By jeanne starmack
The mayor said he will begin the search for a new finance director as the city learned it is nowhere near able to ask for release from fiscal emergency.
At a meeting Monday of a state commission that oversees the city while it is in fiscal emergency, Mayor Bill VanSuch requested consideration for release from state oversight.
Sharon Hanrahan, commission chairwoman, said there are still too many accounting and bookkeeping deficiencies, documented by the state auditor’s office, that have gone uncorrected.
VanSuch said the city has made progress correcting the deficiencies, and Hanrahan agreed. But, she said, there is still too much work to do. She said the earliest the city would be ready to ask for release is January 2013.
The worst problem, she said, is the fact the city is so far behind in reconciling monthly bank statements with its records.

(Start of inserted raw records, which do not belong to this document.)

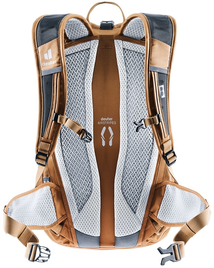 Voor een optimale ventilatie en een goede pasvorm is de tas uitgerust met het Airstripes-rugsysteem, dat speciaal werd ontwikkeld voor op de fiets. Twee contourvormige lagen gevuld met hobbelig schuim met AirMesh-voering en minimaal rugcontact zorgen voor een maximale luchtstroom. De lading van de tas blijft dicht bij het lichaam. De tas heeft ergonomisch gevormde 3D AirMesh verstelbare schouderbanden, een in hoogte verstelbare borstriem en ademende heupgordels voorzien van mesh. Het rugsysteem is bedekt met Air Spacer-gaas. Wanneer u de heupgordels niet gebruikt, kunt u deze wegwerken achter het rugpaneel.
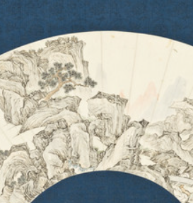 本品规格为27.94*59.06厘米,安装122.56*67.63厘米,滚轮73.34厘米。以水墨为骨,淡赭石、花青渲染,用披麻皴勾山石纹理,胡椒点苔,呈现 “墨分五色,色助墨韵” 。扇面构图 “高远 + 深远” ,左下部山石堆叠,中间留白为云雾,右上部远山隐现,开合有度、虚实相生,人物点睛,体现 “天人合一” ,符合 “咫尺千里” 扇面特点 。
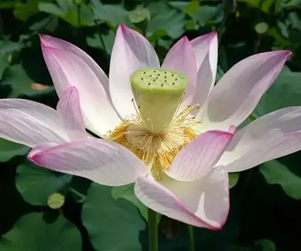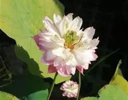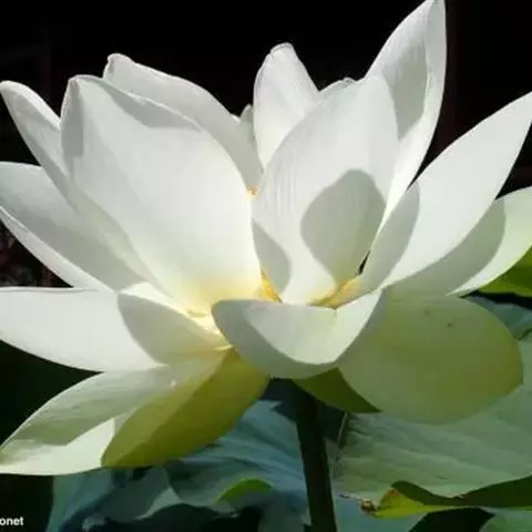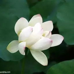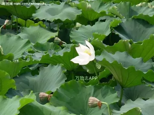 白色莲花 花色丰富,主要有红色、粉红色、白色、绿色、黄色等,花型主要有单瓣,多瓣,重瓣和千瓣。叶片呈深绿色或黄绿色,全缘盾状,表面有蜡质附着,因此水很难吸附其上而呈水珠状。莲的叶片有三种类型,有初生浮于水面的钱叶,有着生在藕带的节间处、浮于水面且叶面积略大的浮叶,有着生与藕带节间处、挺出水面的立叶。莲的叶柄从淤泥中地下茎节间处抽出,表面多有倒刺;莲的根为须状根,围绕着地下茎节间生长。莲的地下茎及叶柄内均有通气的孔道。莲地下茎顶端的顶芽,又称为藕苫,其抽生出新的地下茎节间,被称为藕带。
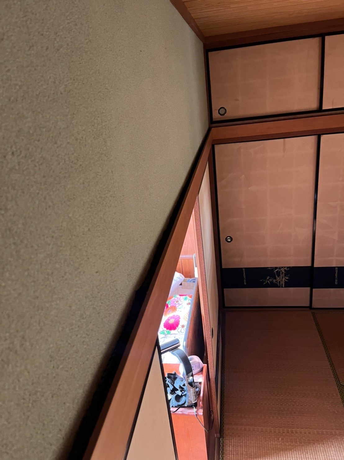 和天井に点検口新設工事だった為、薄いベニアが破れないよう慎重に点検口を作らせて頂きました。
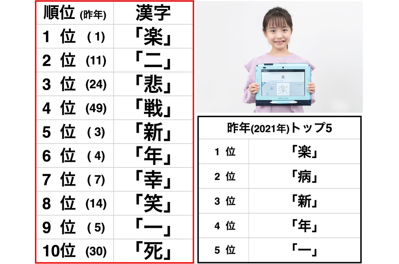 株式会社ジャストシステムのプレスリリース(2022年12月13日 00時10分)“小学生の選ぶ”「今年の漢字®」1位は、2年連続「楽」 ~トップ5は「楽」「二」
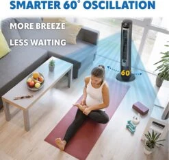 - OPTIMAL OSCILLATION: While other fans promote a full 90 degrees oscillation, we designed the 42″ Lasko Wind Curve Tower Fan with 60 degrees of oscillation to ensure you feel more of the breeze so you’re not waiting longer for the fan to come back around
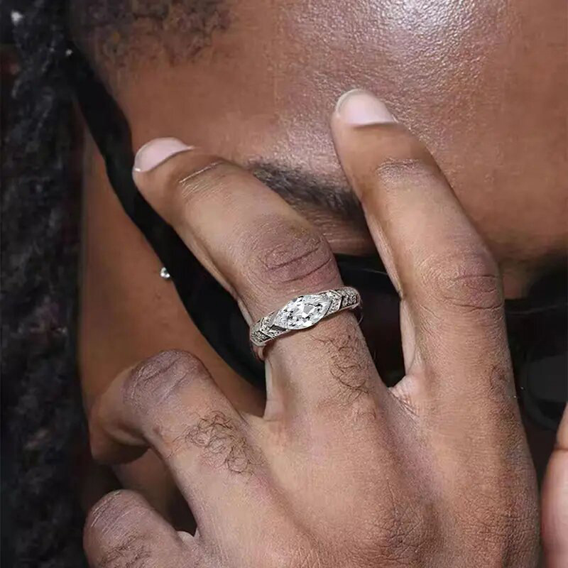 Japanese and Korean cool style ring unisex horse eye geometric ring niche design micro inlaid metal
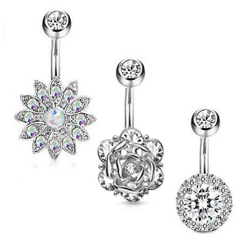 3Pcs Medical Steel Opal Belly Ring Navel Nail Body Piercing Jewelry Set (Silver)

Finance Director Sherman Miles has been unable to do the reconciliations. Miles has been unable for months to get past reconciling the statements for April 2010.
“We don’t know the cash balance of the city,” Hanrahan said.
VanSuch and Miles gave different versions of why Miles and the finance department have been unable to do the reconciliations, and Hanrahan reminded Miles that he told her and an attorney from the Ohio Attorney General’s office in October that he would have all the 2010 statements reconciled by Monday’s meeting.
“I said with the staff’s help, and that’s not help I’m receiving,” Miles replied. He told The Vindicator later that two staff members refused to help him do the reconciliations, with one “flat out” refusing and the other saying it would interfere with other job duties.
Campbell resident Chris Grachinin, who sits on the commission, asked VanSuch why he didn’t help Miles gain the cooperation he needs from his employees.
“It would seem you’d give him the help he needs if you want out of fiscal emergency,” she said. “Why can’t they sit down and help him?”
But VanSuch painted a different picture of the interpersonal dynamics in the finance department.
“The fact of the matter is our finance director doesn’t get along with anybody, and I can’t force them,” he said, adding that there is no union involved.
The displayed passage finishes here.